» Brief
Using the data below, reproduce exactly the lines from the line with "To the first" to the line with "La reducción de", both included; pictures must be dropped.

» Data for analysis
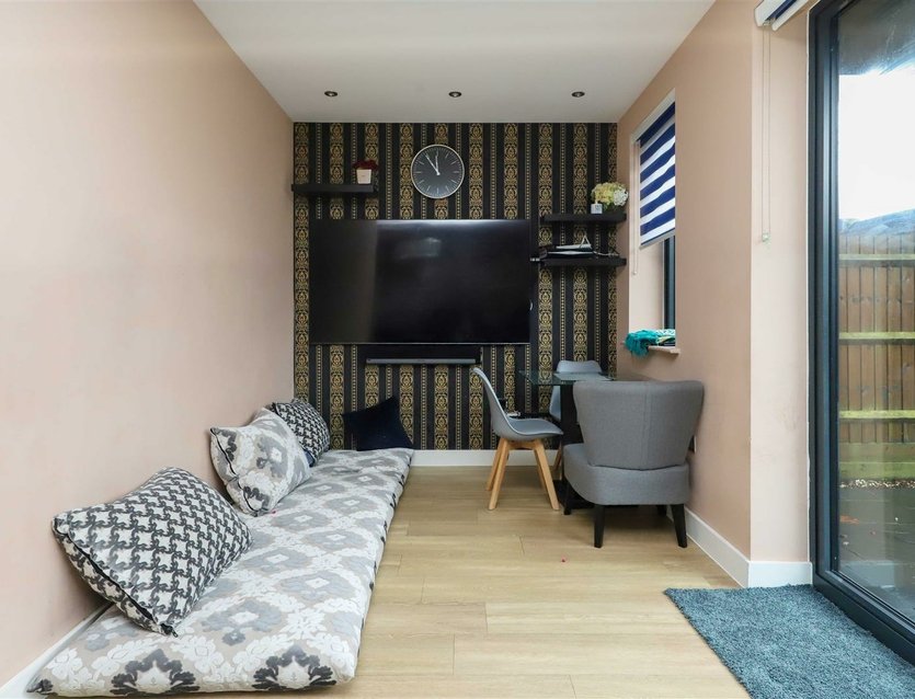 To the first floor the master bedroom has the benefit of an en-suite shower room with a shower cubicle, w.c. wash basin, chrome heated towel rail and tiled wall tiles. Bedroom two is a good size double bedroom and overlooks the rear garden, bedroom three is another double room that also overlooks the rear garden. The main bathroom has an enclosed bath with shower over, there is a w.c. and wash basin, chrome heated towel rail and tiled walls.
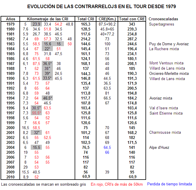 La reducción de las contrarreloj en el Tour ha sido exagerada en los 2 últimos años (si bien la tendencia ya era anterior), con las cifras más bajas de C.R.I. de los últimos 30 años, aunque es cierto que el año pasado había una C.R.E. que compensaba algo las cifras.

==

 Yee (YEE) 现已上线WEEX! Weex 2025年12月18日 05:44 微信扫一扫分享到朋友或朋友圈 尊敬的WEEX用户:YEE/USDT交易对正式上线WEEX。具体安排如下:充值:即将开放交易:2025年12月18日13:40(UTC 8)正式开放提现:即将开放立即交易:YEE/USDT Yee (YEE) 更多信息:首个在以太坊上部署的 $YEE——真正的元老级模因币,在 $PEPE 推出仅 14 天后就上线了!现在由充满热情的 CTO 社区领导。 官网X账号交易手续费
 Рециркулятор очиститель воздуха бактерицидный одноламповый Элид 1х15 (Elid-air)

» Worked solution
 To the first floor the master bedroom has the benefit of an en-suite shower room with a shower cubicle, w.c. wash basin, chrome heated towel rail and tiled wall tiles. Bedroom two is a good size double bedroom and overlooks the rear garden, bedroom three is another double room that also overlooks the rear garden. The main bathroom has an enclosed bath with shower over, there is a w.c. and wash basin, chrome heated towel rail and tiled walls.
 La reducción de las contrarreloj en el Tour ha sido exagerada en los 2 últimos años (si bien la tendencia ya era anterior), con las cifras más bajas de C.R.I. de los últimos 30 años, aunque es cierto que el año pasado había una C.R.E. que compensaba algo las cifras.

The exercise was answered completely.